EXERCISE DATA:
┄┄┄┄┄┄

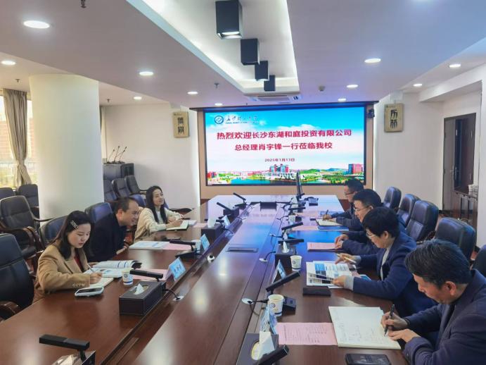 1月13日上午,长沙东湖和庭投资有限公司总经理肖宇锋一行来校调研交流。科技处处长胡林、卓越工程师学院院长韩艳、科技处副处长刘亚辉参加会议,会议由科技处副处长肖志高主持。
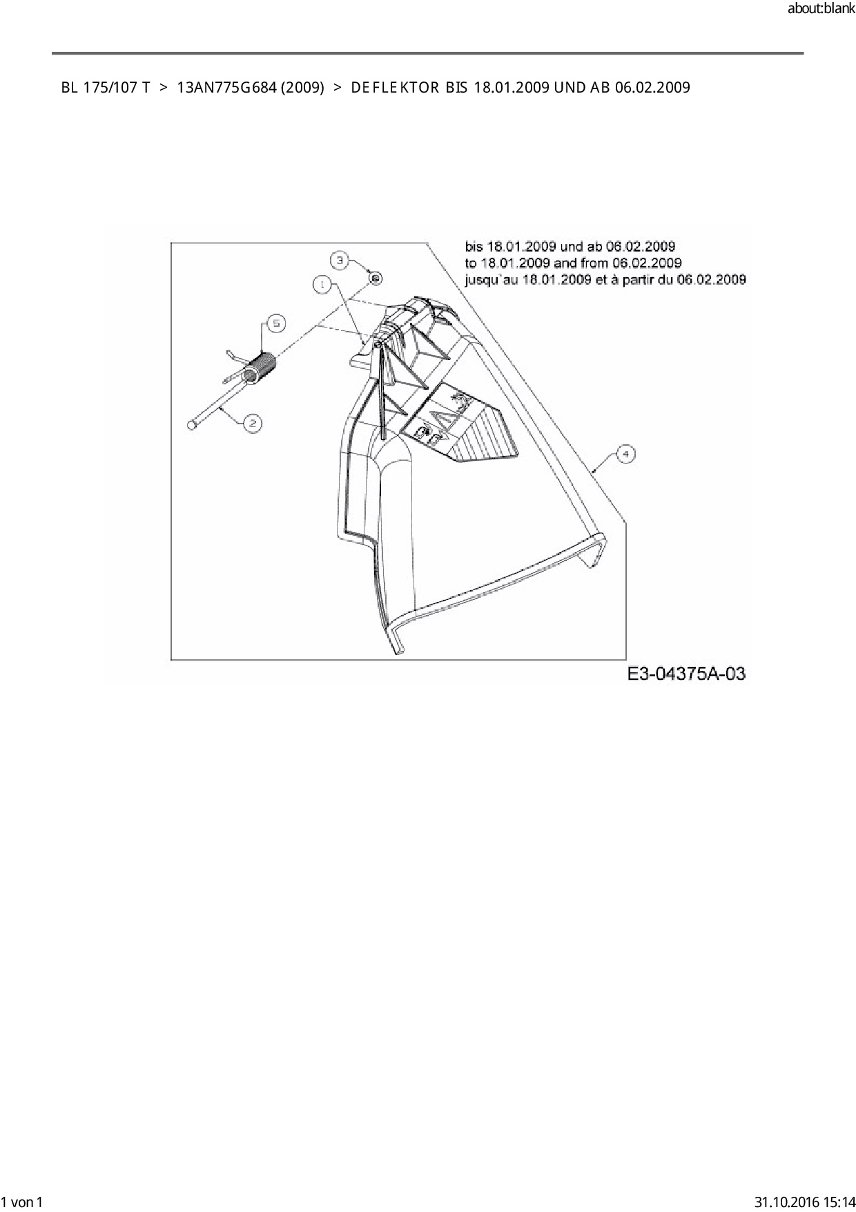 Ersatzteile für Rasentraktor Bolens BL 175/107 T aus der Zeichnung Deflektor bis 18.01.2009 und ab 06.02.2009:
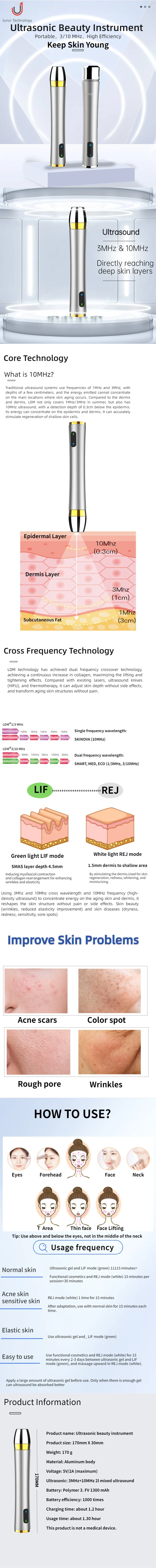 Traditional ultrasound systems use frequencies of 1MHz and 3MHz, with depths of a few centimeters, and the energy emitted cannot be concentrated on the main areas of skin aging - the dermis and dermis. In contrast, variable frequency ultrasound not only covers 1MHz/3MHz in summer, but also has 10MHz and even over 10MHz ultrasound. Its penetration depth is 0.3cm below the epidermis of the summer cover, and its energy can concentrate on the epidermis and dermis, accurately stimulating the regeneration of shallow skin cells.
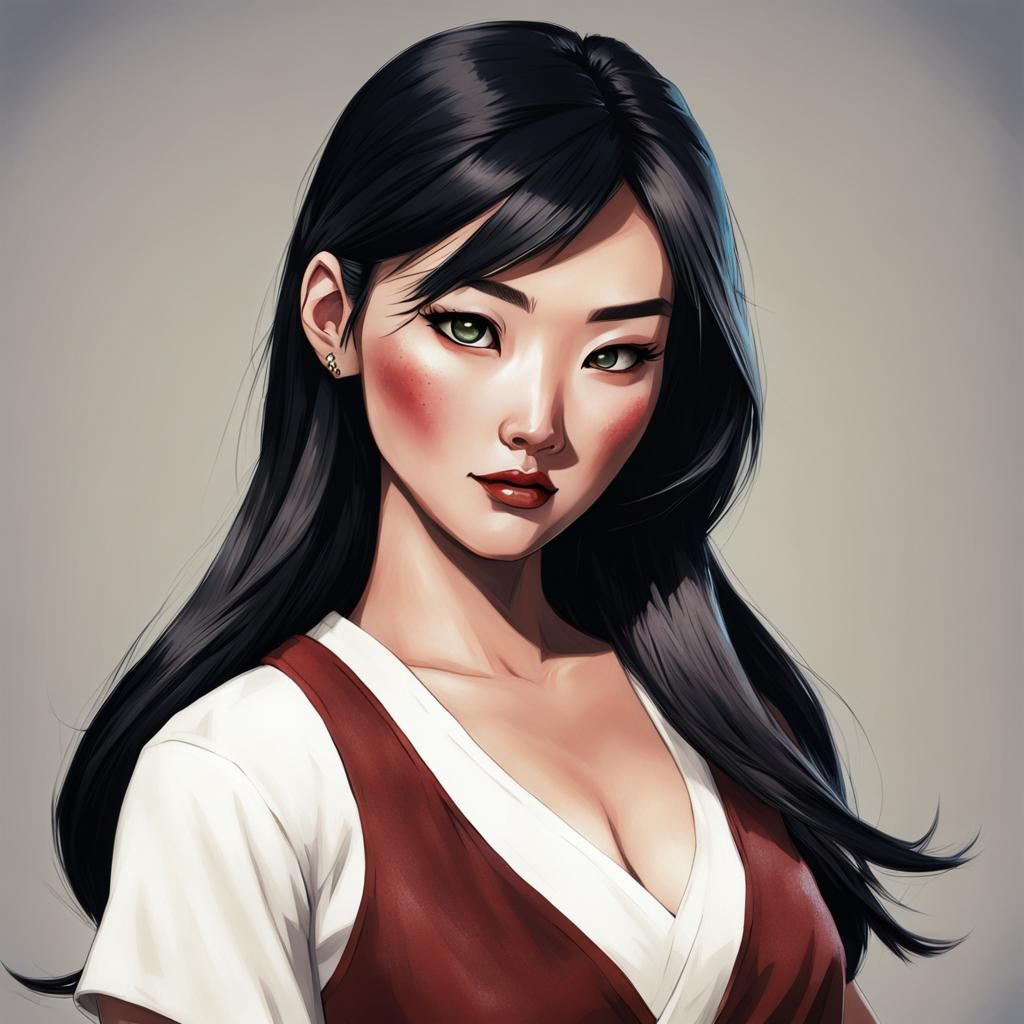 This picture features a modern interpretation of Ty Lee. It showcases a contemporary take on the character, blending her essence with modern fashion and style.

┄┄┄┄┄┄

ASSIGNMENT: Copy every line of the data exactly as written, excluding the pictures.

SOLUTION TO THIS EXERCISE:
 1月13日上午,长沙东湖和庭投资有限公司总经理肖宇锋一行来校调研交流。科技处处长胡林、卓越工程师学院院长韩艳、科技处副处长刘亚辉参加会议,会议由科技处副处长肖志高主持。
 Ersatzteile für Rasentraktor Bolens BL 175/107 T aus der Zeichnung Deflektor bis 18.01.2009 und ab 06.02.2009:
 Traditional ultrasound systems use frequencies of 1MHz and 3MHz, with depths of a few centimeters, and the energy emitted cannot be concentrated on the main areas of skin aging - the dermis and dermis. In contrast, variable frequency ultrasound not only covers 1MHz/3MHz in summer, but also has 10MHz and even over 10MHz ultrasound. Its penetration depth is 0.3cm below the epidermis of the summer cover, and its energy can concentrate on the epidermis and dermis, accurately stimulating the regeneration of shallow skin cells.
 This picture features a modern interpretation of Ty Lee. It showcases a contemporary take on the character, blending her essence with modern fashion and style.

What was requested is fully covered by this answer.